Pretty innovative, considering edible wafer paper already had been around for hundreds of years before that.
In another disruptive example about 50 years later, a London chef started a “fad” of edible paper, including a dinner menu.
It appears an ingenious chef conceived the idea of making an edible menu card, and, after many experiments, he produced one composed of the sugar tissue paper which is used on the bottom of macaroons, and which is, of course, edible.
Edible wrappers have been so common, so easy to make and use, we might take them for granted and forget they even exist.
Here’s a sentence I found on a site that sells very large boxes of edible wrappers at super low cost, right next to their DIY recipe:
Wafer paper is a single most affordable product in edible printing industry, everyone uses it, from big box bakeries to stay at home moms.
Surely that was supposed to say stay at home parents. Or are they trying to imply stay at home dads can’t afford or use edible wrappers?
Anyway here is some “big disruption” news, in stark contrast to all this ancient history of edible wrappers:
‘A disruptive solution to pollution’: introducing edible packaging.
Indeed. Someone has just introduced something very familiar.
We’re told an inexpensive and common thing, centuries old, is about to start disrupting.

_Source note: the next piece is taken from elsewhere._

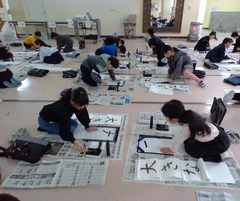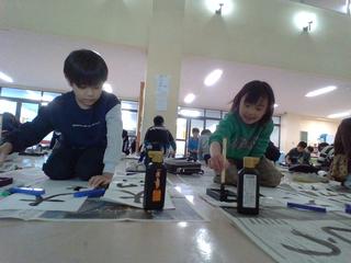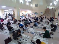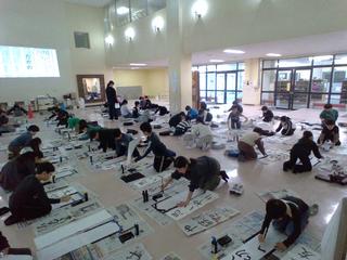 ホールで、書き初めを行いました。3年生から始まった毛筆の学習。

Combining her engineering background with her passion for a ‘cradle to cradle’ lifecycle, Lamp has launched a new company, Traceless, to commercialise the idea.
Lamp? She didn’t want to name her new company something like Illuminated? Also “cradle to cradle” sounds like it’s going exactly nowhere. Like saying from point A to point A. Are we there yet?
And I would be more impressed if she was marketing her idea as a way to deliver one-time written passwords (OTWP), or send ephemeral messages, which obviously you eat after reading.
One can only imagine if she had an history background. Would she still have gone commercial? I suspect no historian would be framing something centuries old as her new idea.
Traditional nougat wrapped in traditional traceless edible packaging anyone?